**ASSIGNMENT**: Pictures excluded, return every entry exactly, please.
------------------------
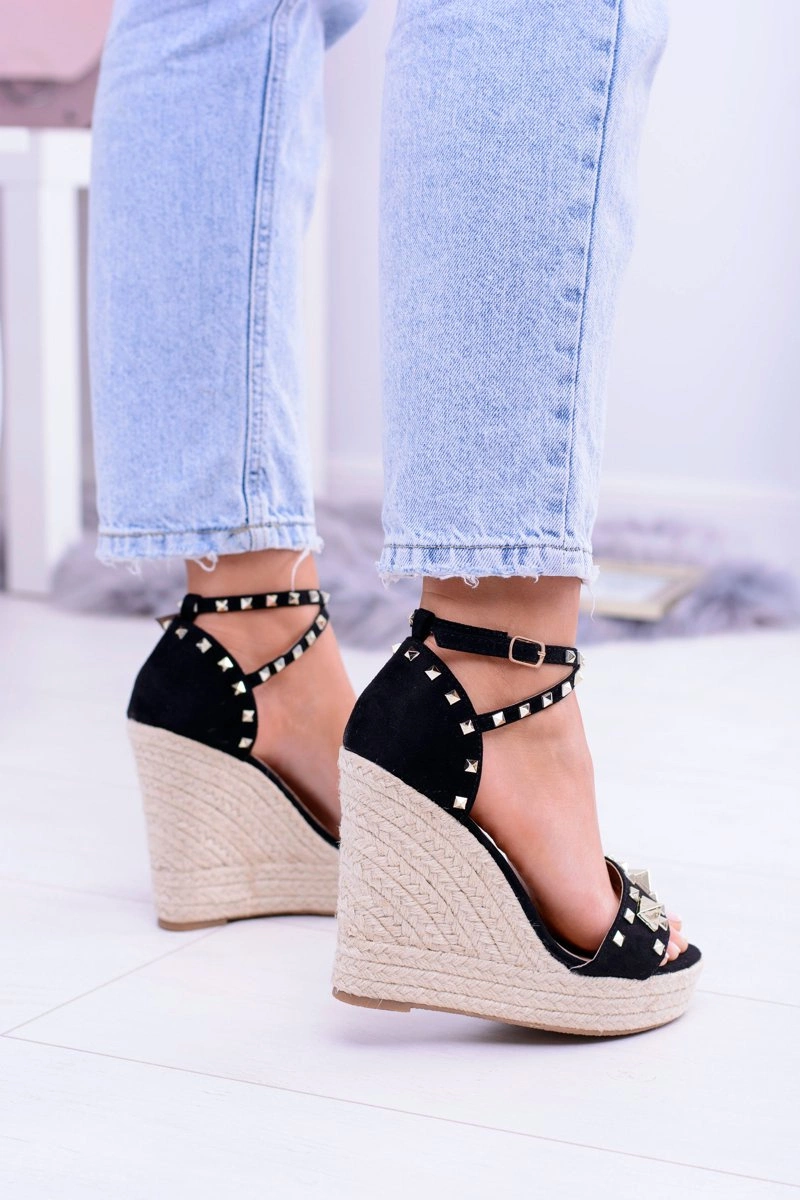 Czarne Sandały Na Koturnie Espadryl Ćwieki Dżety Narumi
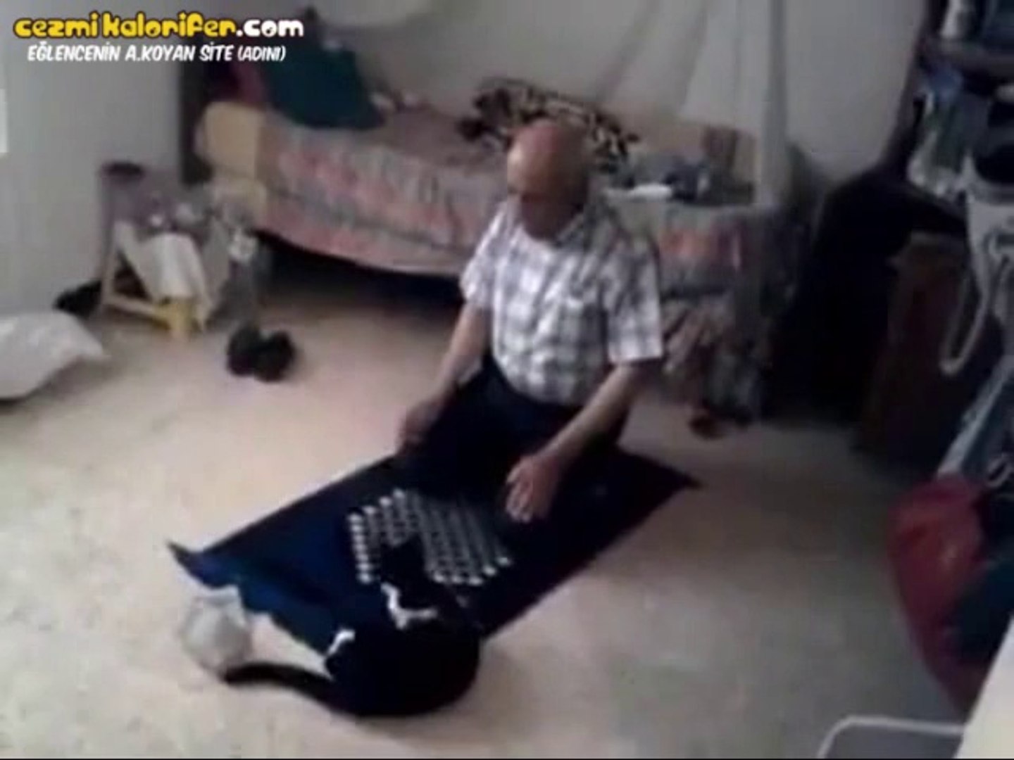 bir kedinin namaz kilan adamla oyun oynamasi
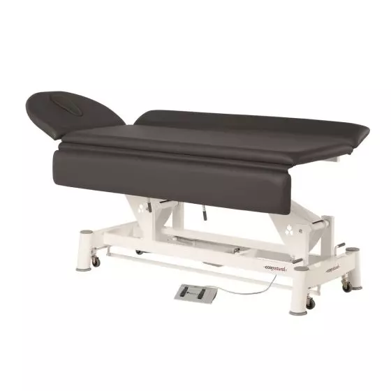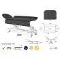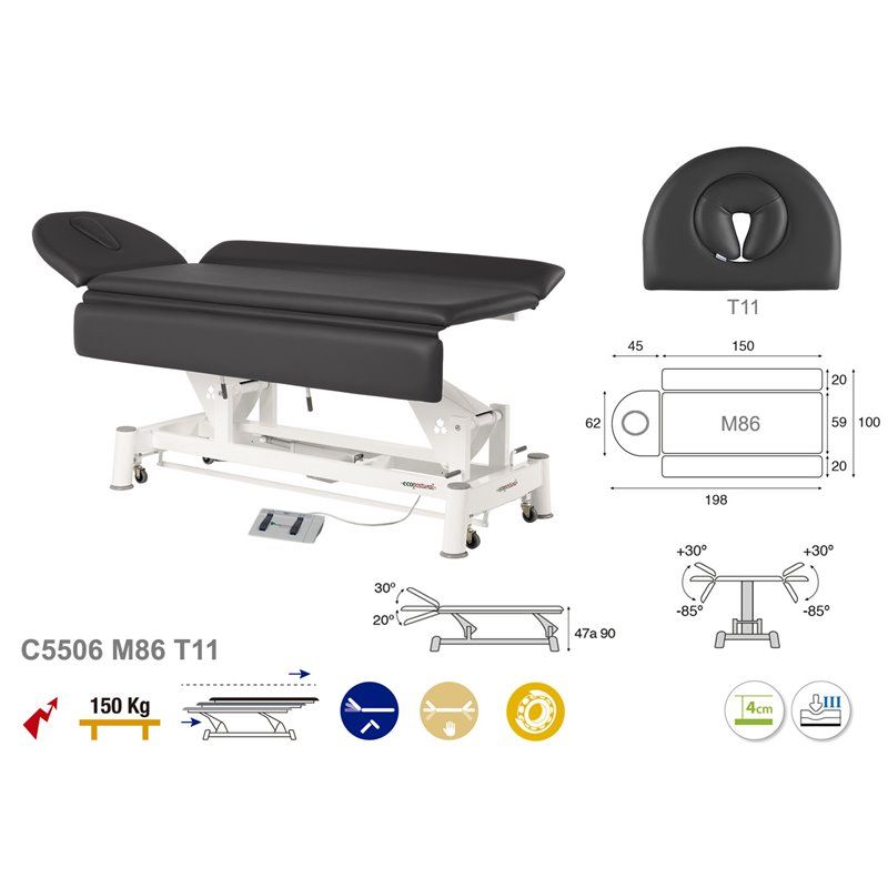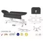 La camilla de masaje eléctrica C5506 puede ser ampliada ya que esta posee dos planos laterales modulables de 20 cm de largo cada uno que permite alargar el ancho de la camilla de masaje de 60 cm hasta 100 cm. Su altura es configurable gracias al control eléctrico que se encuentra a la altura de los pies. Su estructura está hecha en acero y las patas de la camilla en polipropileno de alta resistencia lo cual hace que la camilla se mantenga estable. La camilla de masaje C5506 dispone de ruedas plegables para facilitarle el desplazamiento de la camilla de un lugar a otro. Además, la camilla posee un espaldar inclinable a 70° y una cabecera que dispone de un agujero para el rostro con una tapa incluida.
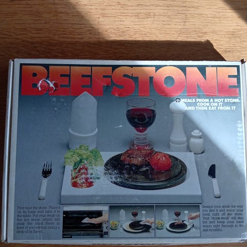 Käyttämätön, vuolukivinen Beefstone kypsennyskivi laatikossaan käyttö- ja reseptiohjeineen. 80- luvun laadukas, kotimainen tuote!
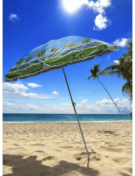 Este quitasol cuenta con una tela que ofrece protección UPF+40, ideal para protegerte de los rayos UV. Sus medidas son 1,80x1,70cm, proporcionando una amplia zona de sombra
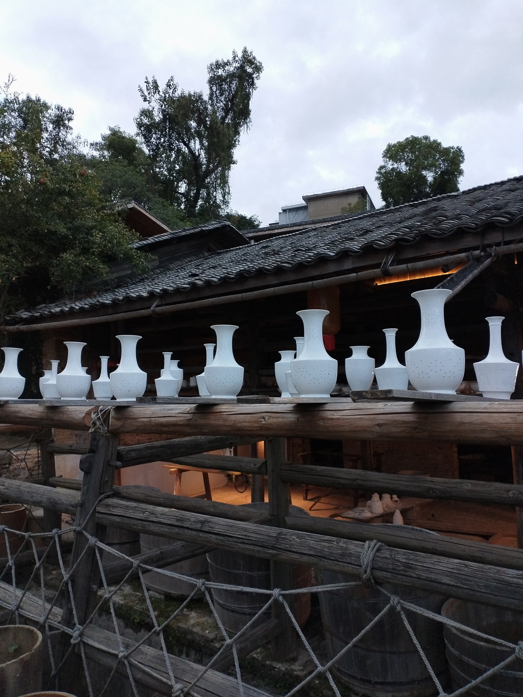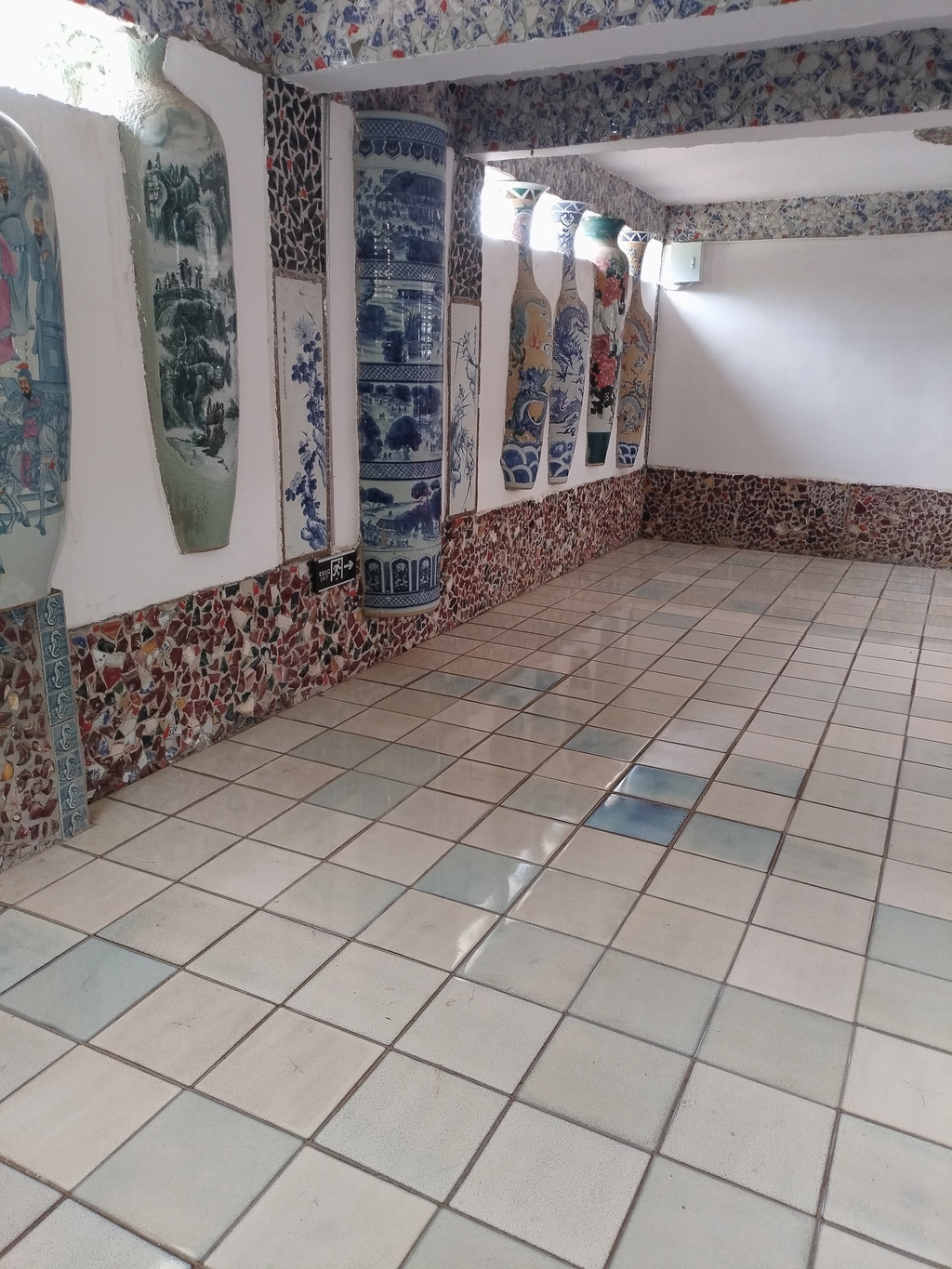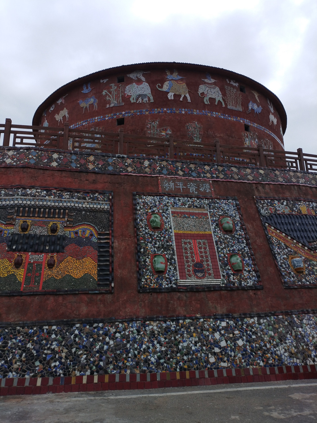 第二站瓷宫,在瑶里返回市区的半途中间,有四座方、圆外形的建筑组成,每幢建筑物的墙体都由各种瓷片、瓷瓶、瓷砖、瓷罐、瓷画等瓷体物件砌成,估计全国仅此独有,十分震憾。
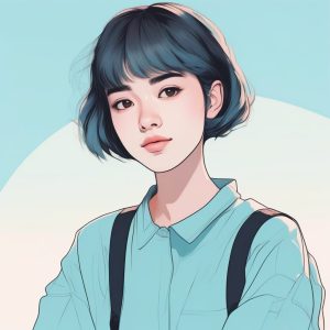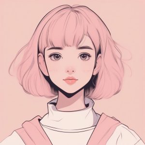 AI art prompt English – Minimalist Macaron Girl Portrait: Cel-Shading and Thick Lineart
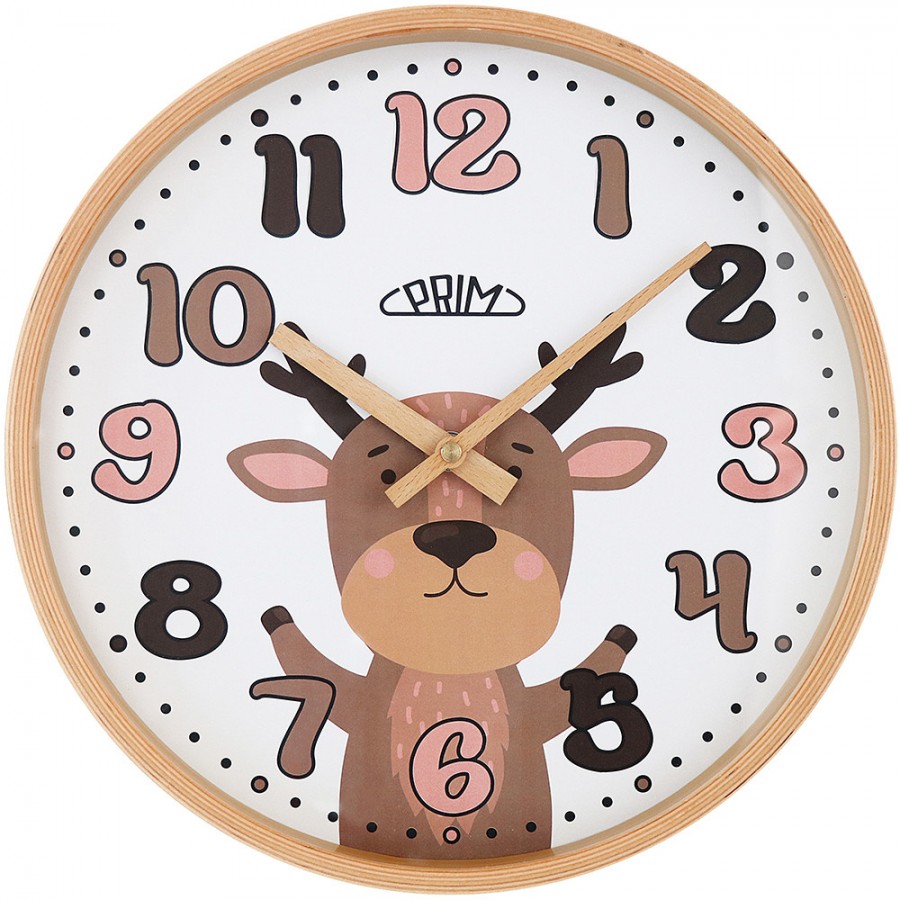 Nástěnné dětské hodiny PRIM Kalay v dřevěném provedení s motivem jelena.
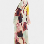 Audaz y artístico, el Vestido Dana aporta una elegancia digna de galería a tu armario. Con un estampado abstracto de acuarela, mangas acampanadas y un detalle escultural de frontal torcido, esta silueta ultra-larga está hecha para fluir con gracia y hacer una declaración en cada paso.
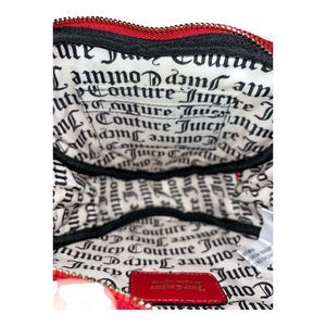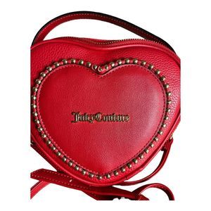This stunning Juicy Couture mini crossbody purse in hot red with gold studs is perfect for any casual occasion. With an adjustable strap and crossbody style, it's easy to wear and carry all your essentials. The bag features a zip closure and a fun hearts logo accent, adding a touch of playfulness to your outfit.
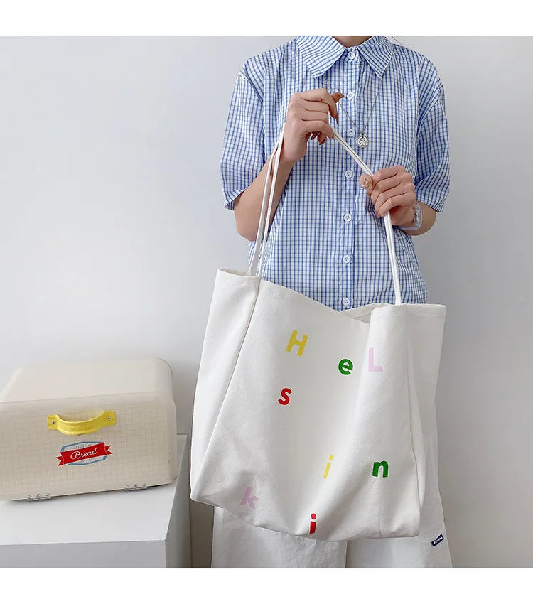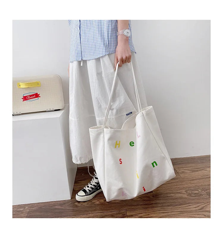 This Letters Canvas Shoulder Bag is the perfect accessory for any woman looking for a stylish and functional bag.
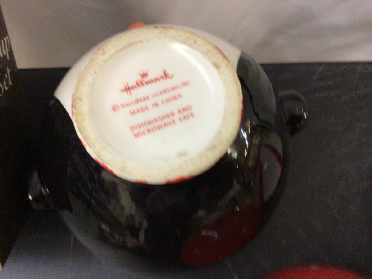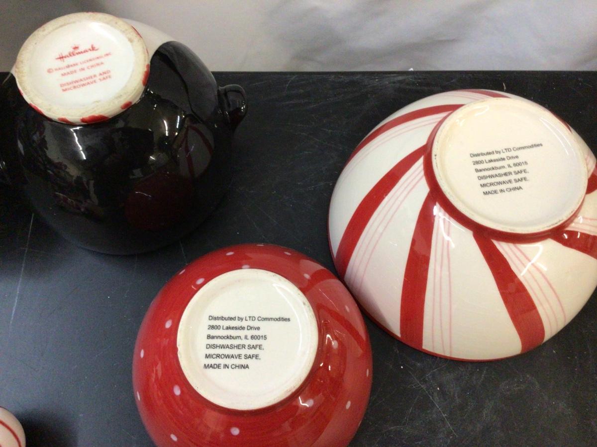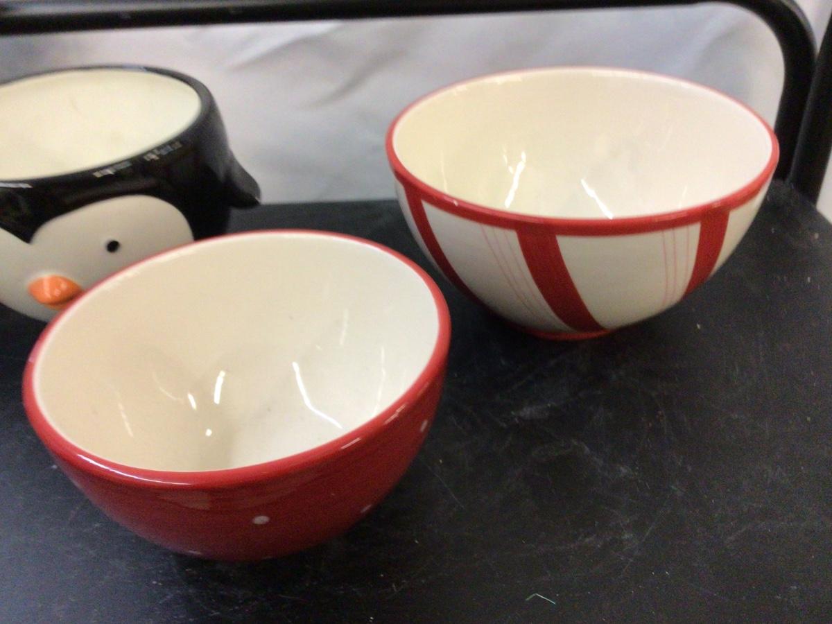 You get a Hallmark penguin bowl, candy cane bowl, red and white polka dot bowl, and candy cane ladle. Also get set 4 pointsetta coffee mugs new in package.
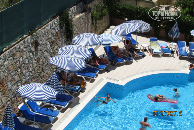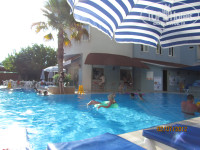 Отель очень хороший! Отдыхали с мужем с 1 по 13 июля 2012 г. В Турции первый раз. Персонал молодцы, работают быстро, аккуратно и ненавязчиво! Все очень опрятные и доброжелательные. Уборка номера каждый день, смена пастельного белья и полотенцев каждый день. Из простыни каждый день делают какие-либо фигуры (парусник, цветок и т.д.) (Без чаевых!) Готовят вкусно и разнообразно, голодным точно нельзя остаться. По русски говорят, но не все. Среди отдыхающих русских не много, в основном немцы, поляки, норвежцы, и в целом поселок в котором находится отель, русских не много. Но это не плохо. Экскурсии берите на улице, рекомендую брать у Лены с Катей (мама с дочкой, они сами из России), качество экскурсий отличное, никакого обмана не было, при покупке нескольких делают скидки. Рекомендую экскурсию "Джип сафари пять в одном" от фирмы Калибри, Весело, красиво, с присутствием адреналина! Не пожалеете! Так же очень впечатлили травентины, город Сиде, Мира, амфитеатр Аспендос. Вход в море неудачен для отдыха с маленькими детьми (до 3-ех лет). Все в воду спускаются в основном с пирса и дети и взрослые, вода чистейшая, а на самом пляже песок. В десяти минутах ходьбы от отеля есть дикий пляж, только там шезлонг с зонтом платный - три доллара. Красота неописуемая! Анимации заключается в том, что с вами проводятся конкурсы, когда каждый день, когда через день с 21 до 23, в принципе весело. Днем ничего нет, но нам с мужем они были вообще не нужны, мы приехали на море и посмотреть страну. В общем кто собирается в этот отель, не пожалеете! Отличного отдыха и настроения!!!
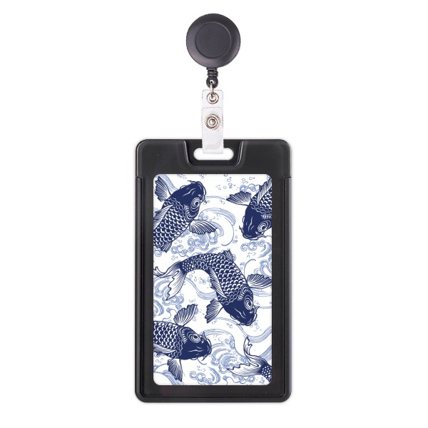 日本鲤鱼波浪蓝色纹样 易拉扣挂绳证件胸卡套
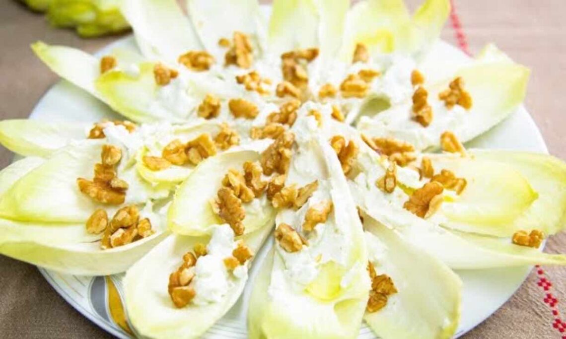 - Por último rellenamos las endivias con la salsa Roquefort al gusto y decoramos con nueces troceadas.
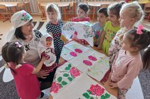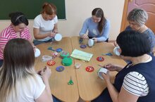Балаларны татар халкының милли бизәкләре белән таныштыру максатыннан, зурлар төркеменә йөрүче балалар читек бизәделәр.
------------------------
**TASK ANSWER**:
 Czarne Sandały Na Koturnie Espadryl Ćwieki Dżety Narumi
 bir kedinin namaz kilan adamla oyun oynamasi
 La camilla de masaje eléctrica C5506 puede ser ampliada ya que esta posee dos planos laterales modulables de 20 cm de largo cada uno que permite alargar el ancho de la camilla de masaje de 60 cm hasta 100 cm. Su altura es configurable gracias al control eléctrico que se encuentra a la altura de los pies. Su estructura está hecha en acero y las patas de la camilla en polipropileno de alta resistencia lo cual hace que la camilla se mantenga estable. La camilla de masaje C5506 dispone de ruedas plegables para facilitarle el desplazamiento de la camilla de un lugar a otro. Además, la camilla posee un espaldar inclinable a 70° y una cabecera que dispone de un agujero para el rostro con una tapa incluida.
 Käyttämätön, vuolukivinen Beefstone kypsennyskivi laatikossaan käyttö- ja reseptiohjeineen. 80- luvun laadukas, kotimainen tuote!
 Este quitasol cuenta con una tela que ofrece protección UPF+40, ideal para protegerte de los rayos UV. Sus medidas son 1,80x1,70cm, proporcionando una amplia zona de sombra
 第二站瓷宫,在瑶里返回市区的半途中间,有四座方、圆外形的建筑组成,每幢建筑物的墙体都由各种瓷片、瓷瓶、瓷砖、瓷罐、瓷画等瓷体物件砌成,估计全国仅此独有,十分震憾。
 AI art prompt English – Minimalist Macaron Girl Portrait: Cel-Shading and Thick Lineart
 Nástěnné dětské hodiny PRIM Kalay v dřevěném provedení s motivem jelena.
 Audaz y artístico, el Vestido Dana aporta una elegancia digna de galería a tu armario. Con un estampado abstracto de acuarela, mangas acampanadas y un detalle escultural de frontal torcido, esta silueta ultra-larga está hecha para fluir con gracia y hacer una declaración en cada paso.
This stunning Juicy Couture mini crossbody purse in hot red with gold studs is perfect for any casual occasion. With an adjustable strap and crossbody style, it's easy to wear and carry all your essentials. The bag features a zip closure and a fun hearts logo accent, adding a touch of playfulness to your outfit.
 This Letters Canvas Shoulder Bag is the perfect accessory for any woman looking for a stylish and functional bag.
 You get a Hallmark penguin bowl, candy cane bowl, red and white polka dot bowl, and candy cane ladle. Also get set 4 pointsetta coffee mugs new in package.
 Отель очень хороший! Отдыхали с мужем с 1 по 13 июля 2012 г. В Турции первый раз. Персонал молодцы, работают быстро, аккуратно и ненавязчиво! Все очень опрятные и доброжелательные. Уборка номера каждый день, смена пастельного белья и полотенцев каждый день. Из простыни каждый день делают какие-либо фигуры (парусник, цветок и т.д.) (Без чаевых!) Готовят вкусно и разнообразно, голодным точно нельзя остаться. По русски говорят, но не все. Среди отдыхающих русских не много, в основном немцы, поляки, норвежцы, и в целом поселок в котором находится отель, русских не много. Но это не плохо. Экскурсии берите на улице, рекомендую брать у Лены с Катей (мама с дочкой, они сами из России), качество экскурсий отличное, никакого обмана не было, при покупке нескольких делают скидки. Рекомендую экскурсию "Джип сафари пять в одном" от фирмы Калибри, Весело, красиво, с присутствием адреналина! Не пожалеете! Так же очень впечатлили травентины, город Сиде, Мира, амфитеатр Аспендос. Вход в море неудачен для отдыха с маленькими детьми (до 3-ех лет). Все в воду спускаются в основном с пирса и дети и взрослые, вода чистейшая, а на самом пляже песок. В десяти минутах ходьбы от отеля есть дикий пляж, только там шезлонг с зонтом платный - три доллара. Красота неописуемая! Анимации заключается в том, что с вами проводятся конкурсы, когда каждый день, когда через день с 21 до 23, в принципе весело. Днем ничего нет, но нам с мужем они были вообще не нужны, мы приехали на море и посмотреть страну. В общем кто собирается в этот отель, не пожалеете! Отличного отдыха и настроения!!!
 日本鲤鱼波浪蓝色纹样 易拉扣挂绳证件胸卡套
 - Por último rellenamos las endivias con la salsa Roquefort al gusto y decoramos con nueces troceadas.
Балаларны татар халкының милли бизәкләре белән таныштыру максатыннан, зурлар төркеменә йөрүче балалар читек бизәделәр.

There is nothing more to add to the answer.